Well I figure that I should finish the story of me finding out I was pregnant. The next morning was a Saturday and November 1st. My family had all gone out and left me to sleep in. I stayed in bed late into the morning and called my dear friend Ashley. She told me that some times there are misreadings if you don't do the test first thing in the morning and I should take the test again and call her after it was finished. I did it again praying with every thing I had in me that it would tell me the test I took the night before was wrong and this was not happening to me. The test read positive a second time and Ashley and her boyfriend came immediately to pick me up and take me to planned parenthood for a more official word.
Ashley and I sat in the waiting room and my whole body was numb. Growing up I would have NEVER imagined this happening to me. I was always a very good little girl. I have a very strong testimony of God and the gospel of Jesus Christ and never even thought to break any of the rules. People were always annoyed with me because I was so neurotic about doing the right thing. How in the world did I get myself in this situation I wondered. It felt like we were in the waiting room 5 hours before they called my name when in reality it was only 5 minutes.
I walked into the examination room and after the tests the nurse told me that I was in fact pregnant. There was no way I could doubt it after three tests confirmed it. Then what happened next is so hard to understand unless you have been in the same situation. The nurse asked me point blank, "Will we be terminating this pregnancy?" At that time I was in such a haze that everything that was said seemed to be coming from down a very long tunnel. When the nurse asked those words for a split second I thought about it. I am ashamed to admit it, but for a moment the possibility did cross my mind. However the next second I came to my senses and said "No". That was one of my greatest moments I believe. It's hard to describe but I am very proud that at that very moment, after I had made so many wrong decisions leading up to that point, I had the opportunity to cover it all up but I made the right decision and chose life.

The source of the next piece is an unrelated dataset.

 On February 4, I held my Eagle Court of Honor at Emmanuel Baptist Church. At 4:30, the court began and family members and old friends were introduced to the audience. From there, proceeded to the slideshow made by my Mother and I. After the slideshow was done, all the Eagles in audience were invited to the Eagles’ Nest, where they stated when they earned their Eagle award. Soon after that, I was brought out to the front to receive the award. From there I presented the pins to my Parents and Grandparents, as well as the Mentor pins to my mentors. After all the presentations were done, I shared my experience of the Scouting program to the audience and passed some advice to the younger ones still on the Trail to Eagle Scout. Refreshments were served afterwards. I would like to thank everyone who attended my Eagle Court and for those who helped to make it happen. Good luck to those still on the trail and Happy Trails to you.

Little did I know the hard road that lay ahead, but I have never regretted my decision since and have never ONCE looked back. There is no way I would not give up having B in this world for anything! I love him and I am so grateful he is on this earth!
I went out and sat in the car with Ashley and her boyfriend. I was surprised by how calm I was. I think I had known all along and so I was not as shocked as I thought. Ashley told me I could cry if I wanted but I couldn't. I don't know why. I just couldn't. I didn't know what I was going to do next but I needed to figure it out. We went to DC and walked around Arlington cemetery. I think Ashley thought it would take my mind off things but "things" was all I could think about. After a long day of sight seeing I came home and went up to my room. I called M and told him what I had just found out.

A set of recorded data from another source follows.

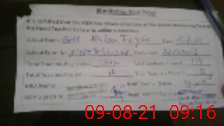 | Monitoring Date: 09-08-2021 | Start Time: 09-08-2021 09:00 AM | End Time: 09-08-2021 09:16 AM | Name of MEA: MA**** ULHA**** KH**** | |
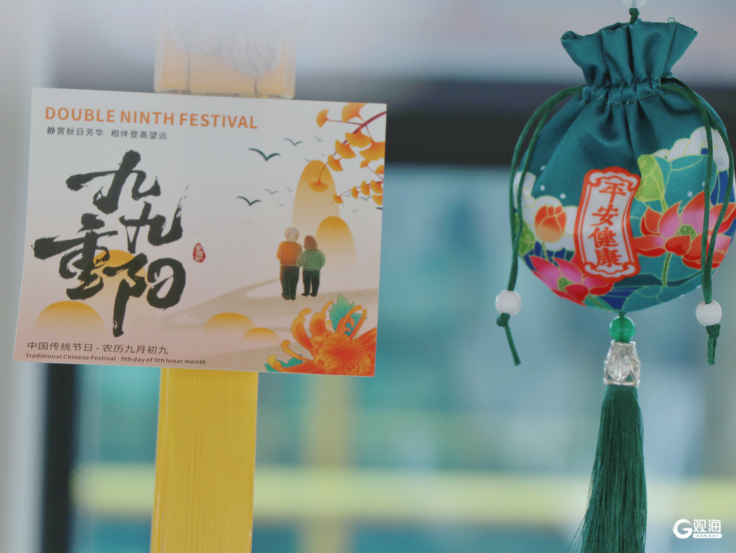 恰逢“敬老月”,张叶还将手拉包贴上了“敬老爱老”的卡片,并在车厢内悬挂了菊花、茱萸香囊,让主题车厢的布置更添一份温情。
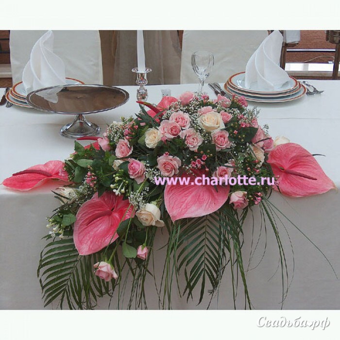 Композиция из живых цветов в розовых тонах, которая ставится на президиум перед молодоженами.
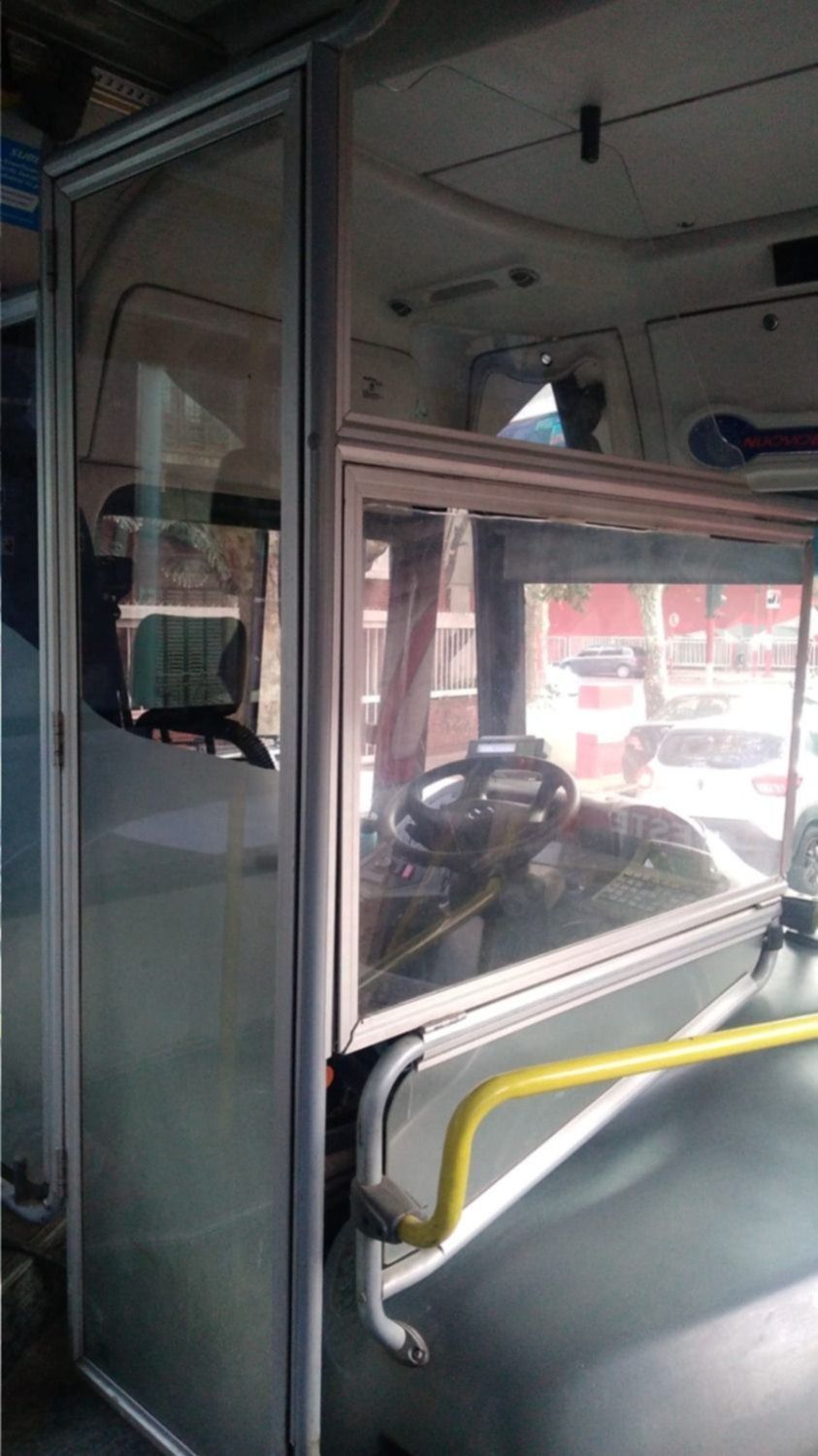 "Cabina para el conductor en el vehículo línea Oeste", escribió un ingeniero platense que se vio sorprendido en las últimas horas por una particular escena a bordo de una de las unidades de la empresa Nueve de Julio SAT y compartió en las redes sociales una foto en la que se puede ver al chofer rodeado de varias paredes de acrílico, que lo separan del resto de la unidad.

When I told him what had happened he instantly thought I was lying to him. "There is no way this could be! You have to do more then what we did to have a baby. Plus my ex-girlfriend told me the exact same thing when I broke things off with her. She let it go on forever but she couldn't hide the truth for long."
"Why would I lie to you about this M?" I asked. "No, this is for real. Trust me."

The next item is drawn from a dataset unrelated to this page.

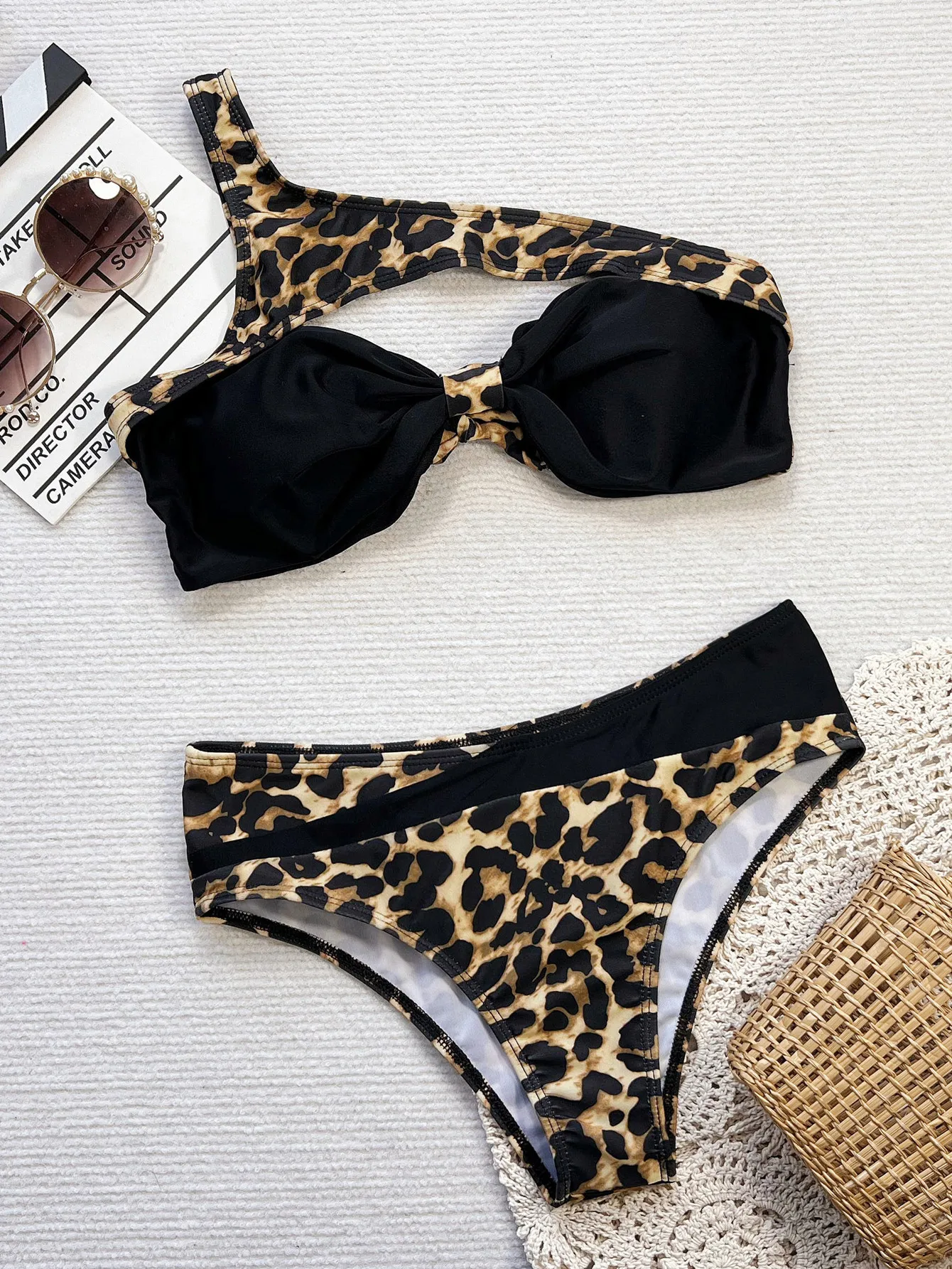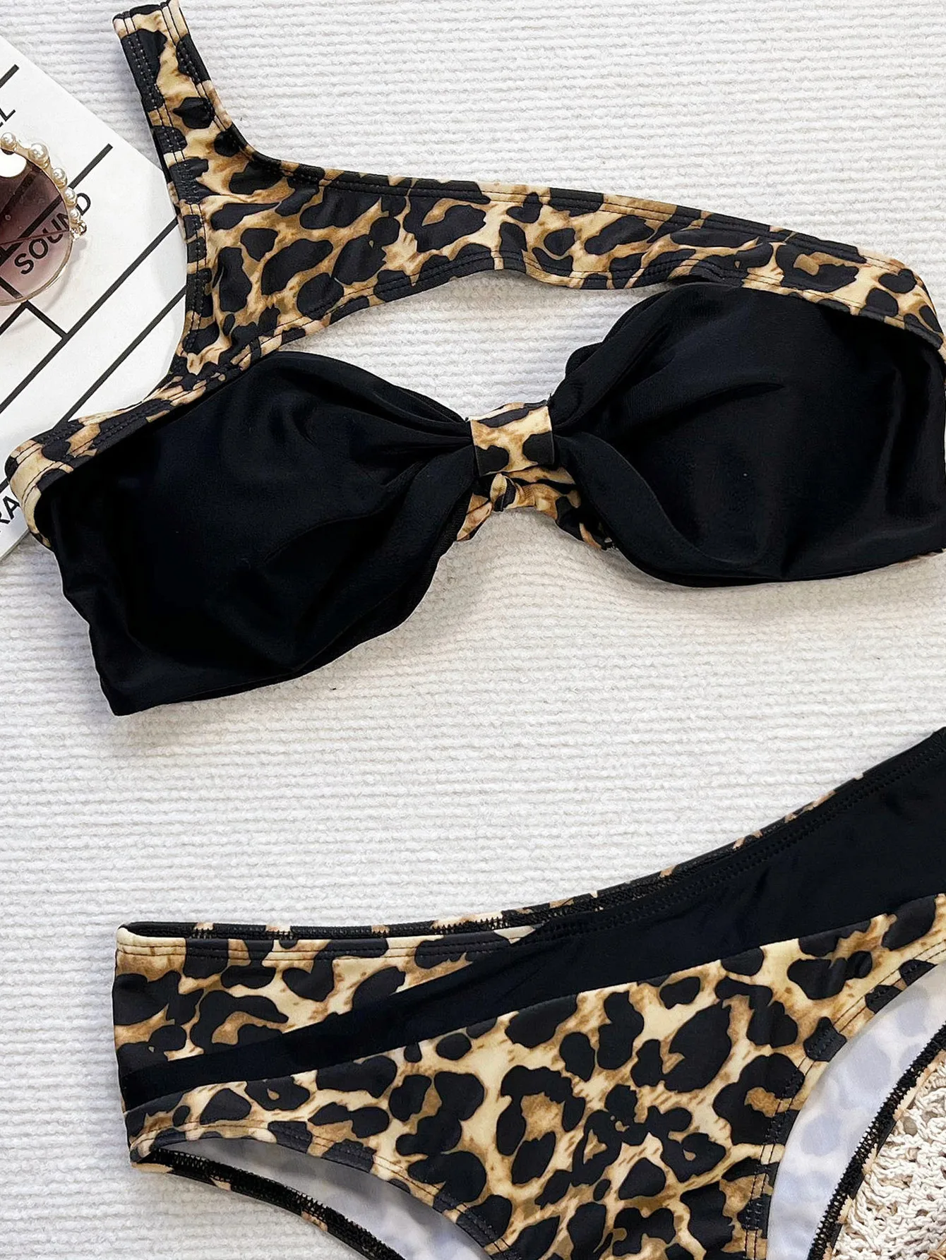 Custom Sexy Leopard Color Two Piece Bikini Set Beachwear Tie Back Swimwear

"Well what are we going to do?" He asked
"I need to tell my parents and then we can either get married or place the baby for adoption."
"NO! Do not tell your parents. We don't need to do that yet. Things happen. Sometimes girls have miscarriages early on and then no one needs to know. Your parents don't need to know if we don't have to tell them"
I was pretty shocked by this and explained that I was going to tell my parents. I needed to see a doctor and I wanted this baby to get the care it needed. I wasn't going to just hope for a miscarriage. He asked me to at least wait to tell them until we had a plan and knew what we were going to do. I agreed and we hung up the phone.
The next day was sunday and I don't even remember what happened at church. My mind was in a different place praying and pleading to be able to know what I was going to do in this situation. All I wanted to do was the right thing but I had no idea what that was. It was torture knowing that I had this little secret. That night I decided that I needed to tell my parents. I walked into their room with the pregnancy tests behind my back. I was scared to death a. It was about 11 pm and my dad was asleep and my mother was in bed watching tv. Every light was out except for the glow of the TV screen.
"Mom," I said. "I have something I need to talk to you about."
She muted the TV and said, "Are you pregnant?"
Wow, that was easy. I didn't have to say anything and she already knew. She asked me if I was sure and I told her I had three pregnancy tests to prove it. She asked me what I was going to do and I told her "well I can either place the baby for adoption or M and I could get married." At that moment my father sat straight up. We filled him in on what he had missed and then nothing was said for a moment.
A few minutes later my father took me down stairs so he could talk to me alone. He expressed his love for me and how he wanted nothing but the best for me. He told me about his mother (who he loves more then anyone in this world) and her very hard life with his father. He wanted so much more for me then that. He hugged me and we cried and then I went to bed. I am so grateful for my amazing parents and their wonderful love and support. It is in the times of stress and crisis that you see the true character of a person. My parents are the best people I know and although I know I broke their hearts that night they offered me so much more support then I could have asked for.